Not all my friends are furry. This is cinderella she is a Burmese Python. Gentle as they get. This was before i got my haircut. Damb Hippies!
ROBBYBOBBY64


----------



## planeguy2 (May 24, 2020)

ROBBYBOBBY64 said:


> Not all my friends are furry.


Same! T

his is my gecko Typhoon.


----------



## ROBBYBOBBY64 (May 24, 2020)

Gorgeous Lizard.


----------



## ROBBYBOBBY64 (May 24, 2020)

Here is Stella. She is a Orange Sunburst hypo Bearded dragon. She loves Hissing Roaches.

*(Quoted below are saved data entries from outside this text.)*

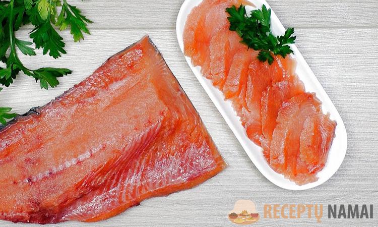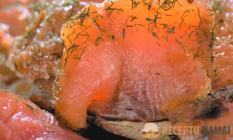 Ingredientai: 1 kilogramui rožinės lašišos reikia 3 šaukštų sausų krapų, 3 šaukštų stambios akmens druskos, tiek pat cukraus ir 100 mililitrų augalinio aliejaus.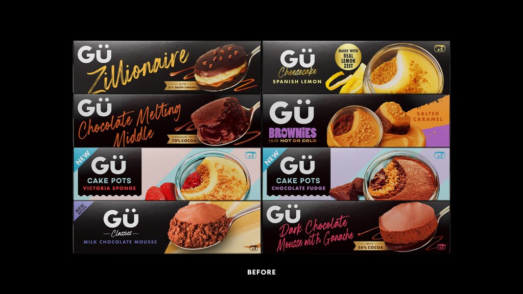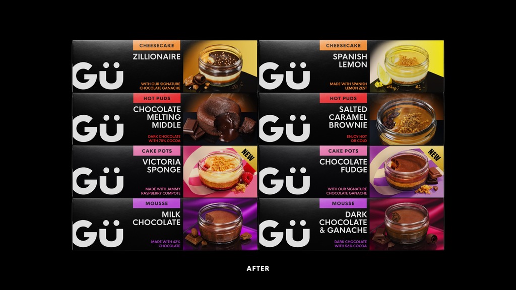 Derek&Eric design strategy was to reclaim Gü’s distinctive essence in a contemporary way by going back to the start; a time when the brand was unapologetically indulgent and just a little bit cheeky.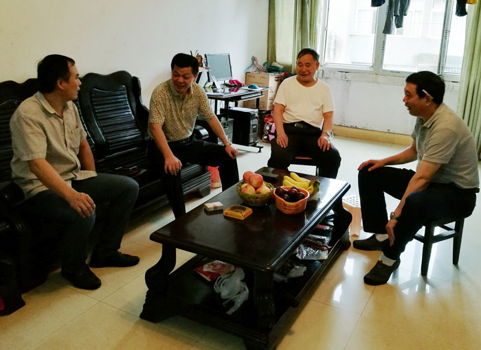 圖為集團(tuán)公司黨委書(shū)記吳培南(左二)與高坑礦困難黨員親切交談。賀亮才 攝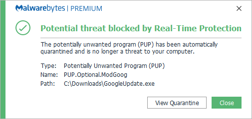 Malwarebytes can detect and remove PUP.Optional.ModGoog without further user interaction.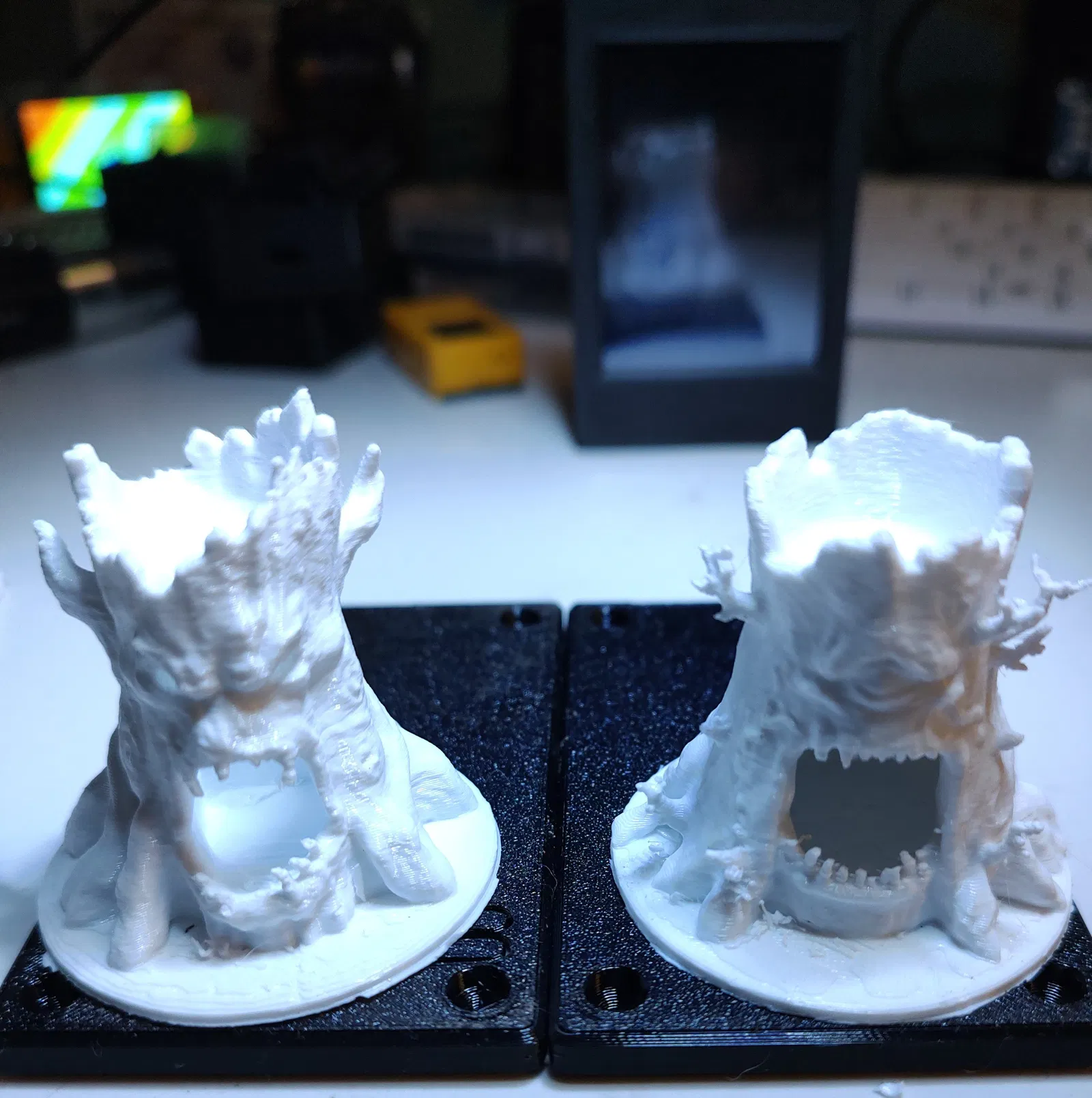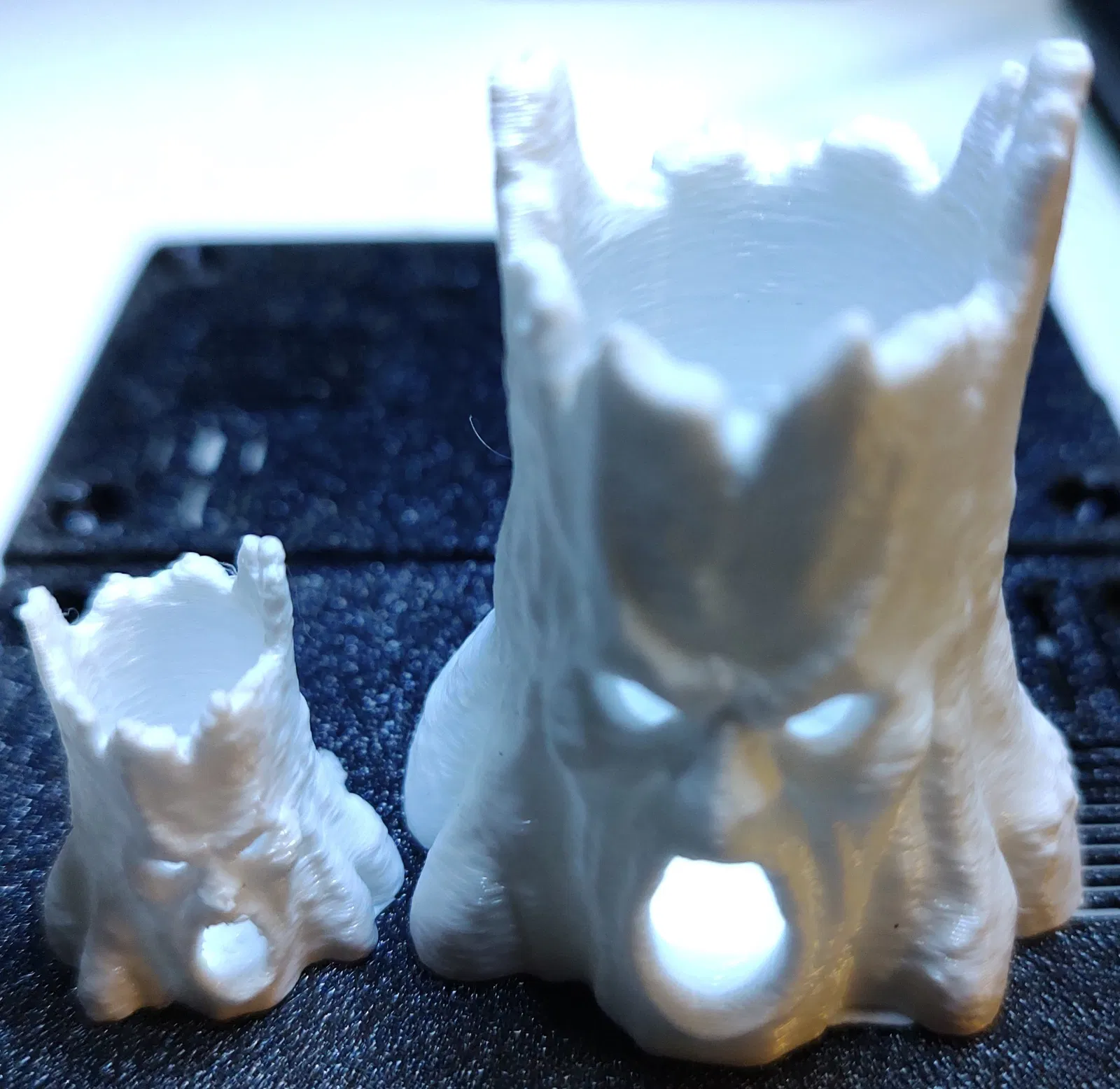 Lưu ý: đây là vài dự án 3D printer đầu tiên mình làm, mình cũng mới chơi 3D printing. Khi scale 50% thì phần răng khá dễ gãy. Mình cũng không chắc mình set support đã đúng chưa, hoặc in 100% thì có ổn hơn không. Chắc là có, nhưng mình không cần bản to vậy. Vì vậy mình để luôn slicer settings phòng khi bạn gặp tình trạng support bên trong miệng bị dựng thành một “khung” quá lớn. Mình vẫn phải cắt cẩn thận ra làm 2 mảnh.

This is bath time for Stella.


----------



## planeguy2 (May 24, 2020)

Thanks!


----------



## ROBBYBOBBY64 (May 25, 2020)

mytauntaunsbeat said:


> Not furries, but I have a Tiger Salamander(Kitty), Gargoyle Gecko(unnamed, i call her Spaz) and a Crested Gecko(Gowron)...they are all hiding at the moment so couldnt get any pics


If you get the chance to get a picture of your girls i would love to see them make their premier debut!
ROBBYBOBBY64.


----------



## treeguyfred (May 25, 2020)

planeguy2 said:


> my gecko Typhoon.


Can he save me up to 15% on my car insurance?


----------



## treeguyfred (May 25, 2020)

ROBBYBOBBY64 said:


> This is cinderella she is a Burmese Python


 Woah, WOW!


----------



## treeguyfred (May 25, 2020)

ROBBYBOBBY64 said:


> Here is Stella. She is a Orange Sunburst hypo Bearded dragon.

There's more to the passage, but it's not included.